Quoi qu’il en soit, on s’attache. On s’attache profondément à ces hommes et ces femmes, qu’ils soient brutaux, drôles, tendres, bêtas, forts, intelligents, effacés ou toujours au premier plan. On apprend à les connaître, à apprécier moins leurs talents que leur présence. Les personnages de Damasio vibrent de réalisme, ils se détachent presque des pages bien que, ou peut-être justement parce qu’ils sont des personnages de fantasy. Leur voyage, leur quête, Damasio la fait partager au lecteur si intimement, en l’obligeant à ce travail de couture des personnages à cause de la multiplicité des voix, et aussi par la puissance des scènes décrites (le furvent du premier chapitre, le combat de Erg et Silène, le siphon, le cratère Krafla…), que ce lecteur devient un membre à part entière de la Horde.
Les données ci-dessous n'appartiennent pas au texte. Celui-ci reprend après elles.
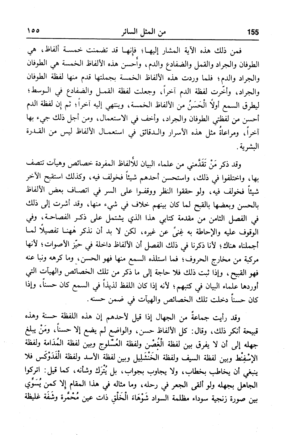 وقد ذكر من تقدّمني من علماء البيان للألفاظ المفردة خصائص وهيآت تتصف بها، واختلفوا في ذلك، واستحسن أحدهم شيئا فخولف فيه، وكذلك استقبح الآخر شيئا فخولف فيه، ولو حققوا النظر ووقفوا على السر في اتصاف بعض الألفاظ بالحسن وبعضها بالقبح لما كان بينهم خلاف في شيء منها، وقد أشرت إلى ذلك في الفصل الثامن من مقدمة كتابي هذا الذي يشتمل على ذكر الفصاحة، وفي الوقوف عليه والإحاطة به غنى عن غيره، لكن لا بد أن نذكر ههنا تفصيلا لما أجملناه هناك؛ لأنا ذكرنا في ذلك الفصل أن الألفاظ داخلة في حيّز الأصوات؛ لأنّها مركبة من مخارج الحروف؛ فما استلذه السمع منها فهو الحسن، وما كرهه ونبا عنه فهو القبيح، وإذا ثبت ذلك فلا حاجة إلى ما ذكر من تلك الخصائص والهيآت التي أوردها علماء البيان في كتبهم؛ لأنه إذا كان اللفظ لذيذا في السمع كان حسنا، وإذا كان حسنا دخلت تلك الخصائص والهيآت في ضمن حسنه.

C’est peut-être bête, mais je pense aussi que la numérotation des pages inversée, de 700 à 0, participe aussi de cette implication du lecteur, non seulement dans le livre, mais aussi dans la Horde. Les chiffres forment un compte-à-rebours que le lecteur perçoit de plus en plus comme une urgence. Il comprend inconsciemment que quelque chose va arriver à la fin du décompte, et s’investit plus profondément dans le contre ; on ne peut pas être un spectateur passif de la Horde, un "planqué" bien en sécurité derrière la barrière physique de la page ; on s’inquiète de ces chiffres qui descendent et menacent les membres de ce groupe qu’on a appris à connaître et apprécier, épaule contre épaule face au vent.


Quand on y repense, l’histoire de La Horde du Contrevent est con. La trame générale n’a pas vraiment de sens, elle n’est même pas très originale ou novatrice. Mais le style fait tout, les sauts d’un style à l’autre bien sûr, mais aussi les descriptions admirables dans les meilleurs scènes, les dialogues vraiment réussis (aussi naturels qu’efficaces pour l’intrigue et la caractérisation des personnages), et les ellipses intelligentes dont use l’auteur à plusieurs reprises, ellipses de quelques minutes ou de plusieurs années, qui suscitent parfois des résumés ou retours en arrière un peu forcés, mais évitent de s’engluer dans des répétitions et la monotonie.


À ma deuxième lecture, je n’ai pas pleuré comme à la première. J’ai cerné des tics d’écriture un peu dommageables (par exemple cette manie de l’auteur d’annoncer beaucoup d’évènements à l’avance). Mais j’ai dévoré le livre, peut-être plus que la première fois. Je me suis, si c’est possible, encore plus attachée aux personnages, encore plus investie dans le contre. J’ai vécu l’aventure, et ça, je pense que c'est ce qu'attend tout vrai bon auteur de son lecteur, et tout lecteur d'un bon roman.